● EXERCISE OBJECTIVE
Output the lines from the top of the entries below to the line with "同時系統(tǒng)具備直播", both included, exactly and without pictures.

● THE DATA

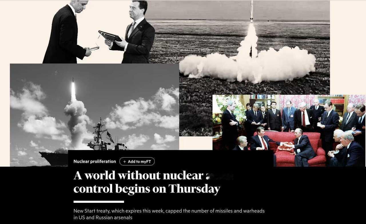 美国与俄罗斯之间的最后一项主要核军控条约将于周四到期。该条约规定了核弹头的最大数量上限(不超过1550枚),限制了运载系统的数量(不超过700枚),并确保了核武器透明度(包括各方拥有的核武器数量及存放地点)。此后,自上世纪70年代以来,两个核大国之间将首次没有任何生效的核裁军条约。
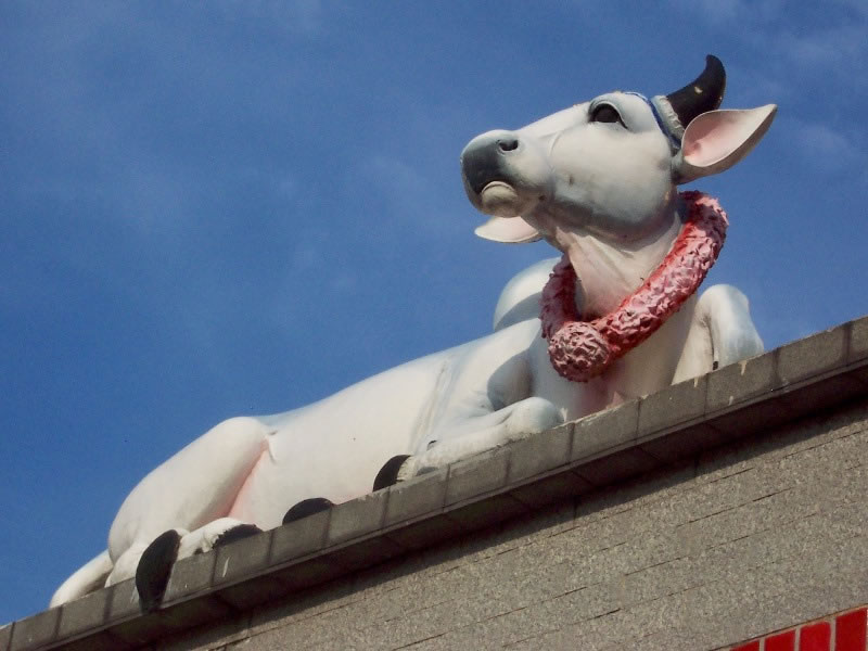 This photograph of a larger-than-life cow atop a Hindu temple was taken on 19 April 2006.
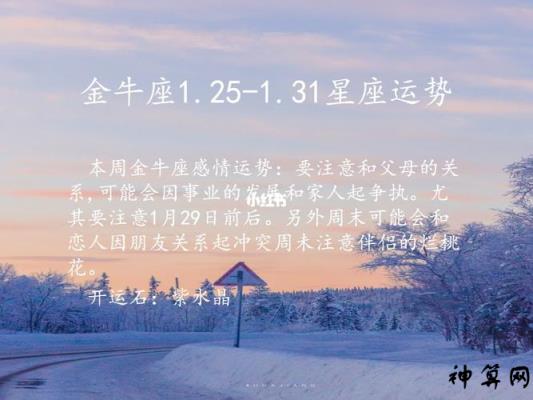 运程详解 对金牛座来说,事业发展迅速的一月。幸运之星木星和事业之星土星继续进入你的第十宫事业宫。受去年星象的影响,金牛座的事业可能会进入一个陌生的领域或环境。为了最终取得成功,我们必须挑战各种困难和挫折。他们的爱情运势波动很大,可能还有很多事情需要努力,需要提前做好准备;情绪稳定的金牛座有机会进入下一阶段。破财的概率很大,偏财运旺盛。把手头的工作做好,不要想着通过投资获得高回报,反而会有很多钱进账。
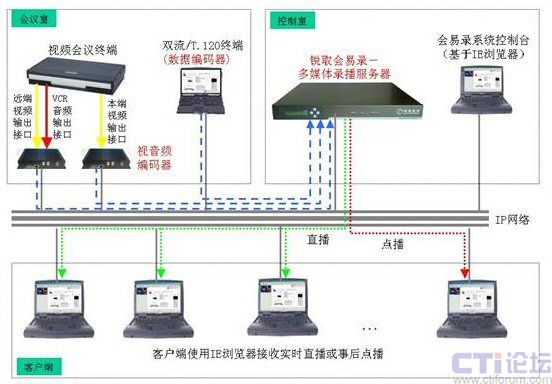 同時系統(tǒng)具備直播、點播功能,用戶使用IE瀏覽器即可接收會議的實時直播或進行事后點播,通過直播或點播可同步觀看到會議中視音頻和數(shù)據(jù)內(nèi)容,觀看會議的效果如同身處會場之后。會易錄極大地擴展了視頻系統(tǒng)的功能和應(yīng)用,適合任何已有或擬建視頻會議系統(tǒng)的用戶使用。
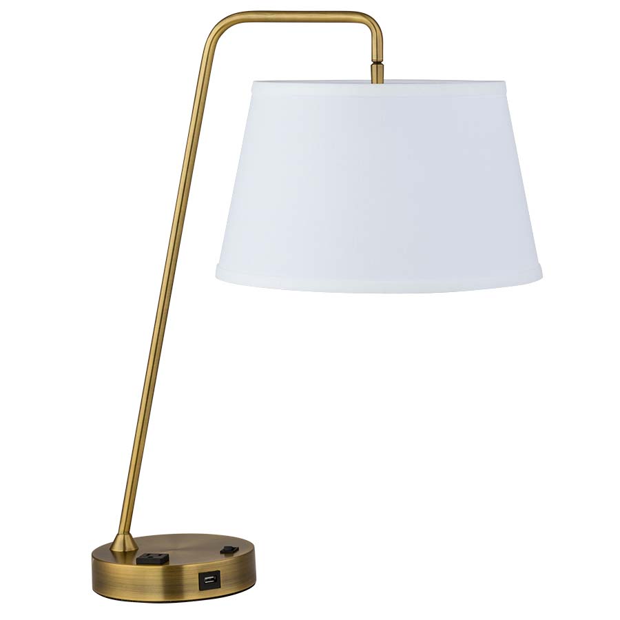 24"H Brushed Brass Table Lamp, medium base socket, on/off rocker base switch, one outlet, dual USB A + C port, 8' Silver 45° 3-prong grounded cord, includes 10"x13"x8" White Linen Hardback Shade. Recommend 1100 lumen LED bulb.
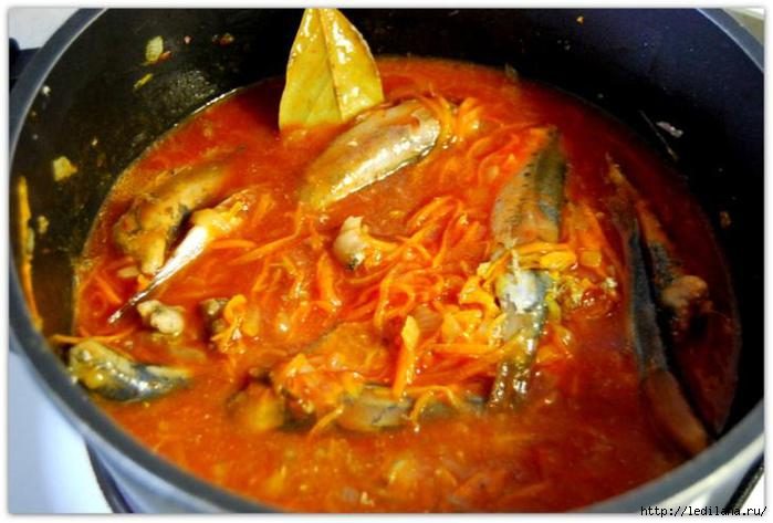 Влить томатный сок который заранее посолить, посладить, поуксусить и на медленном огне томить около часа (я по мягкости костей ориентировалась) не перемешивать часто иначе рыбка превратится в «кашу».
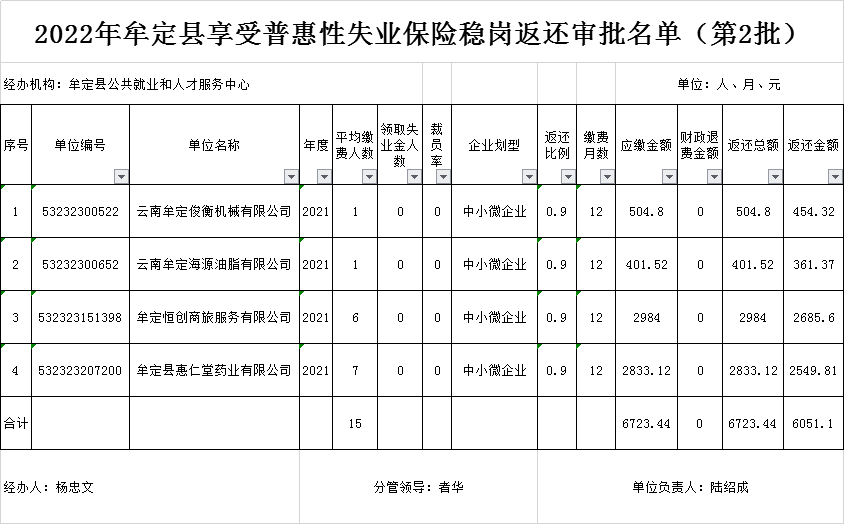 根据《云南省人力资源和社会保障厅关于做好2022年失业保险稳岗返还预发放工作的通知》文件规定,经初审,云南牟定俊衡机械有限公司、云南牟定海源油脂有限公司、牟定恒创商旅服务有限公司、牟定县惠仁堂药业有限公司4户参保单位符合规定的稳岗返还规定条件(详见附表),现予以公示5个工作日(法定节假日除外),公示期为:2022年6月14日至2022年6月21日,公示期间如对公示单位有异议的,请在公示期内通过电话、传真、邮件等方式与牟定县人力资源和社会保障局公共就业和人才服务中心联系或反映。
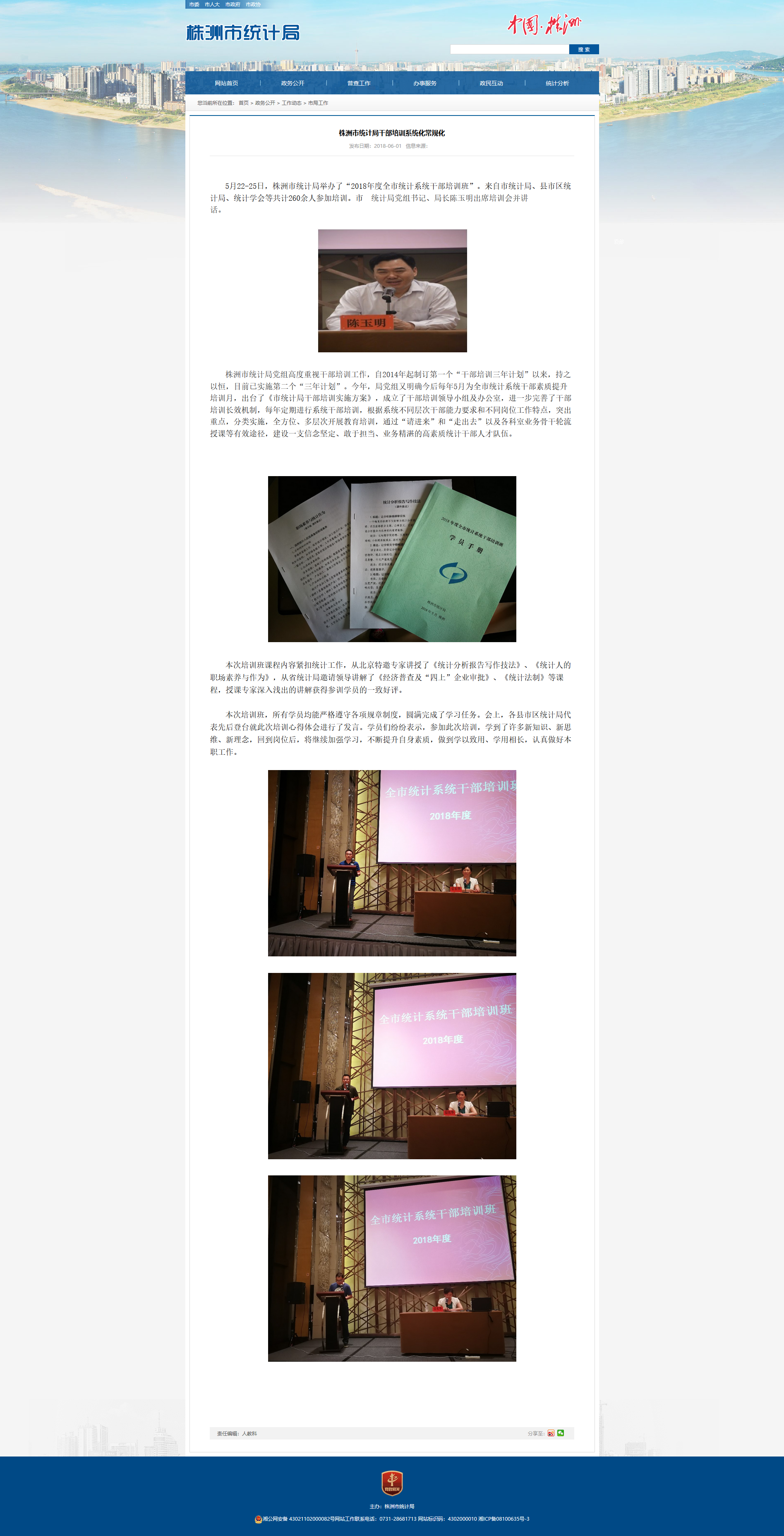 5月22-25日,株洲市统计局举办了“2018年度全市统计系统干部培训班”。来自市统计局、县市区统计局、统计学会等共计260余人参加培训。市 统计局党组书记、局长陈玉明出席培训会并讲话。
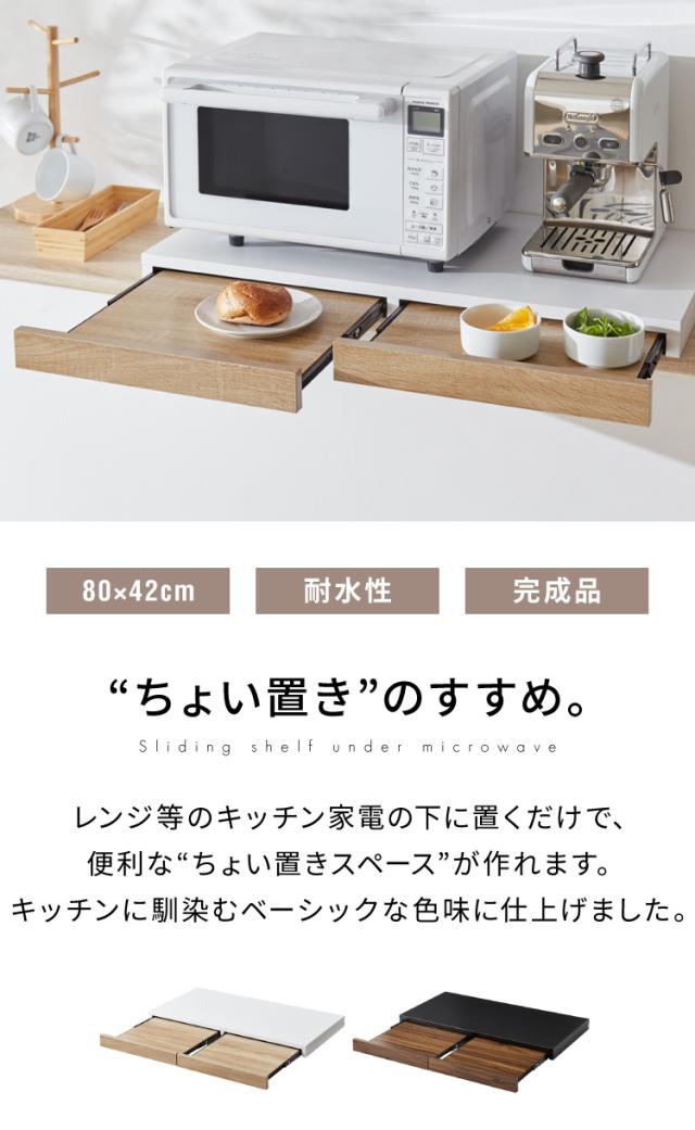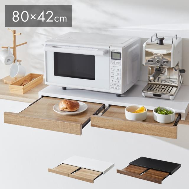 レンジ下トレー ダブル 80×42cm レンジや家電の下に置くだけ レンジトレー スライドトレー レンジ台 置き台 キッチンラック レンジ下 トレー スライド棚【送料無料】
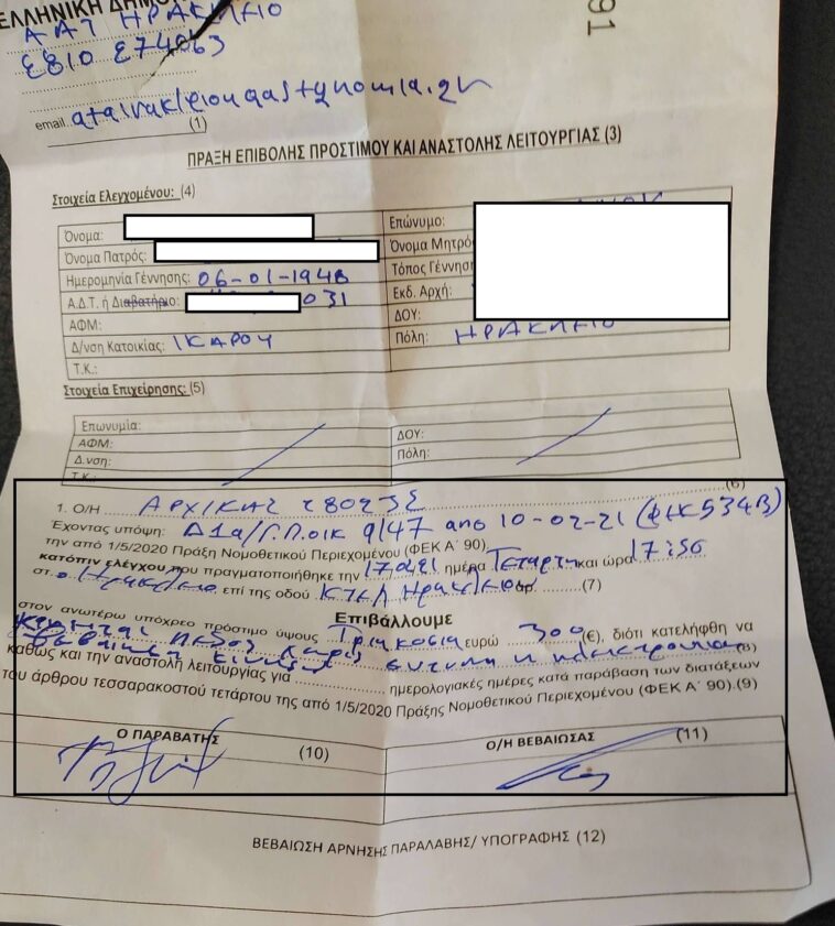Το περιστατικό φέρνει στο φως το τοπικό site candiadoc.gr δημοσιεύοντας και το έγγραφο με το διοικητικό πρόστιμο που επεβλήθη στον 72χρονο άστεγο, ενώ τα στοιχεία του ανθρώπου βρίσκονται και στη διάθεση της κοινωνικής υπηρεσίας του Δήμου Ηρακλείου.
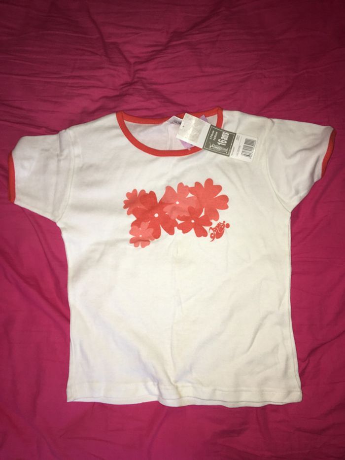 tee shirt blanc décor fleur neuf
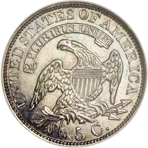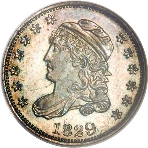 <B>1829 H10C PR64 NGC.</B></I> V-12, LM-13, R.7 as a proof. NGC has certified 10 proof 1829 half dimes, none with an indication of Valentine number. A perusal of past auction appearances lists proof V-2, V-3, and V-7 examples in NGC and PCGS holders. No other proof V-12 examples were found. The present piece is identifiable by a backward S lintmark in front of the cap, and a second lintmark is adjacent to the lowest leaf pair. It was described as possibly unique as a V-12 proof in two different auctions, Heritage 8/96 and Bowers and Merena 8/99. Fully struck and nicely mirrored with light to medium aqua-blue and rose toning. Census: 6 in 64, 2 finer (10/06).<BR><I>Ex: Denver ANA Signature (Heritage, 8/96), lot 6901; Long Beach Connoisseur Collection (Bowers and Merena, 8/99), lot 78; Benson Collection, Part Two (Ira and Larry Goldberg, 2/02), lot 347.</B></I><BR><I>From The Jones Beach Collection.</B></I><BR><BR><b>Shipping:</b> Coin/Currency (<a target="_blank" href="http://www.heritageauctions.com/common/shipping.php">view shipping information</a>)
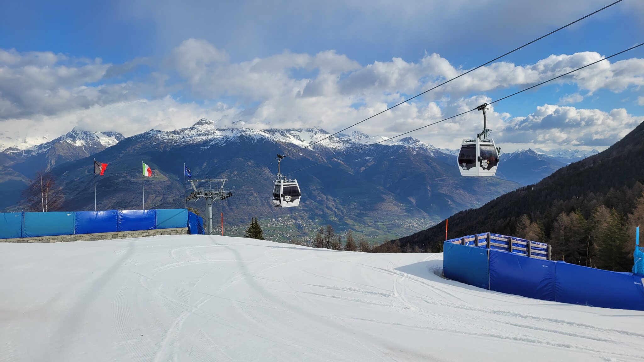 Heute war Pila mal wieder der Schlechtwetter-Joker, nachdem der Wetterbericht für dieses Wochenende in der Schweiz eher mau aussah. Morgens sind zwischen 9 und 10h Schneeschauer durchgezogen, die Pistensicht war aber immer gut. Im Verlauf des Tages dann immer sonniger. Die Abfahrt nach Plan Praz war auch offen, die habe ich gleich zuerst gemacht. War schon weich, aber noch recht unverspurt:

● WRITTEN SOLUTION
 美国与俄罗斯之间的最后一项主要核军控条约将于周四到期。该条约规定了核弹头的最大数量上限(不超过1550枚),限制了运载系统的数量(不超过700枚),并确保了核武器透明度(包括各方拥有的核武器数量及存放地点)。此后,自上世纪70年代以来,两个核大国之间将首次没有任何生效的核裁军条约。
 This photograph of a larger-than-life cow atop a Hindu temple was taken on 19 April 2006.
 运程详解 对金牛座来说,事业发展迅速的一月。幸运之星木星和事业之星土星继续进入你的第十宫事业宫。受去年星象的影响,金牛座的事业可能会进入一个陌生的领域或环境。为了最终取得成功,我们必须挑战各种困难和挫折。他们的爱情运势波动很大,可能还有很多事情需要努力,需要提前做好准备;情绪稳定的金牛座有机会进入下一阶段。破财的概率很大,偏财运旺盛。把手头的工作做好,不要想着通过投资获得高回报,反而会有很多钱进账。
 同時系統(tǒng)具備直播、點播功能,用戶使用IE瀏覽器即可接收會議的實時直播或進行事后點播,通過直播或點播可同步觀看到會議中視音頻和數(shù)據(jù)內(nèi)容,觀看會議的效果如同身處會場之后。會易錄極大地擴展了視頻系統(tǒng)的功能和應(yīng)用,適合任何已有或擬建視頻會議系統(tǒng)的用戶使用。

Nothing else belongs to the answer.